Mme Gruber conteste la réduction de l'indemnité de congédiement devant le Landesgericht Linz, en affirmant que sa démission était motivée par des "raisons graves" tenant au manque de structures d'accueil des enfants de moins de 3 ans dans sa région de résidence, le Land fédéral de Haute-Autriche.
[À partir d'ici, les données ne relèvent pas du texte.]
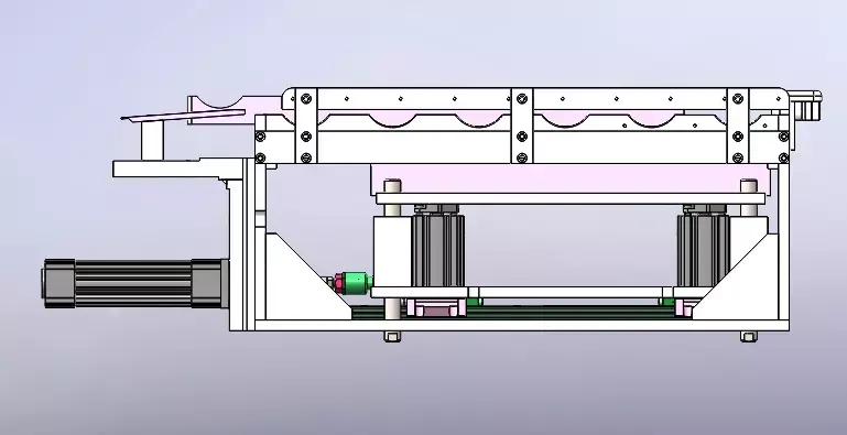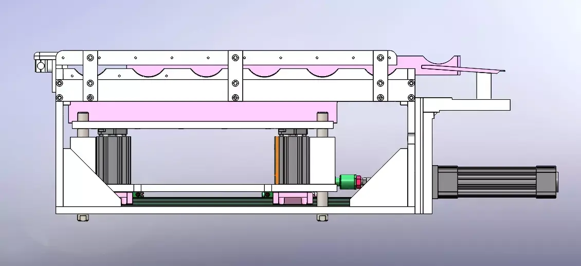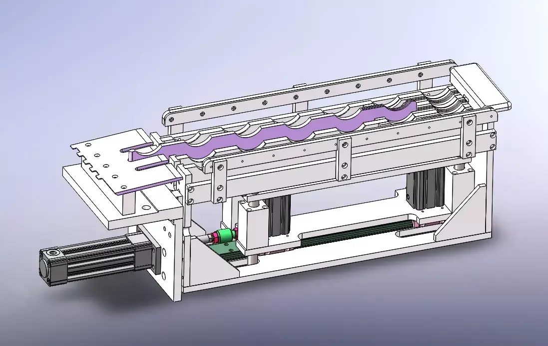 This is a pneumatic round bar feeder, an automated feeding equipment designed for bar processing, suitable for automatic loading and continuous feeding of round bars in lathes, machining centers and other machine tools. The equipment adopts a cylinder reciprocating feeding structure, realizing continuous step feeding of round bars through the reciprocating action of cylinder extension and retraction. It replaces manual operation, greatly improves processing efficiency and feeding stability, and is widely used in bar processing production lines in hardware processing, mechanical manufacturing and other industries.The equipment is equipped with arc-shaped profiling clamping grooves to stably clamp round bars, ensuring coaxiality during feeding. The core power comes from multiple pneumatic cylinders, which drive the clamping mechanism to perform extension and retraction reciprocating motion to complete step feeding. It is matched with high-precision linear guide rails to ensure smooth movement and feeding accuracy. The integrated frame, safety limit structure and simple pneumatic control system ensure stable operation, low failure rate and easy maintenance of the equipment.

Mme Gruber prétend qu'elle a droit au paiement de l'intégralité de l'indemnité de congédiement, les dispositions nationales limitant ses droits constituant, selon elle, une discrimination indirecte des travailleurs féminins, prohibée par le droit communautaire.

Estimant que la solution du litige dépendait de l'interprétation de ce principe communautaire, le Landesgericht Linz a décidé de surseoir à statuer et d'interroger la Cour.

La Cour constate qu'une telle réglementation est compatible avec le droit communautaire.

Le droit communautaire établit le principe de l'égalité des rémunérations entre les travailleurs masculins et les travailleurs féminins pour un même travail.

La Cour rappelle tout d'abord que l'indemnité de congédiement relève bien de la notion de "rémunération".

Elle ne constate pas, en revanche, de discrimination directe fondée sur le sexe, le paiement de l'indemnité de congédiement réduite s'effectuant dans les mêmes conditions pour les travailleurs féminins et les travailleurs masculins qui cessent leur relation de travail après la naissance d'un enfant.

La Cour examine ensuite l'existence d'une discrimination indirecte: la réglementation autrichienne sur le droit à l'indemnité de congédiement conduit-elle à désavantager un travailleur comme Mme Gruber par rapport à d'autres travailleurs qui se trouvent dans une situation identique ou analogue à la sienne? La Cour vérifie si l'objet et la cause de la situation dans laquelle se trouvent les travailleurs qui démissionnent pour s'occuper de leurs enfants sont semblables à ceux qui caractérisent la situation des travailleurs qui démissionnent pour des "motifs graves" au sens de la loi autrichienne.

Or la Cour remarque que les situations visées par la réglementation autrichienne ont toutes un rapport avec les conditions de travail dans l'entreprise ou avec le comportement de l'employeur; la poursuite du travail est rendue, dans tous les cas mentionnés, impossible, au point de ne pas pouvoir exiger du travailleur qu'il maintienne sa relation de travail, même pendant le délai de préavis normalement prévu en cas de démission.

Dans ces conditions, Mme Gruber se trouve dans une situation différente de celles visées par la réglementation autrichienne. Il s'ensuit que l'exclusion d'un travailleur tel que Mme Gruber du bénéfice de l'indemnisation plus élevée pour "motif grave", ne constitue pas une mesure indirectement discriminatoire.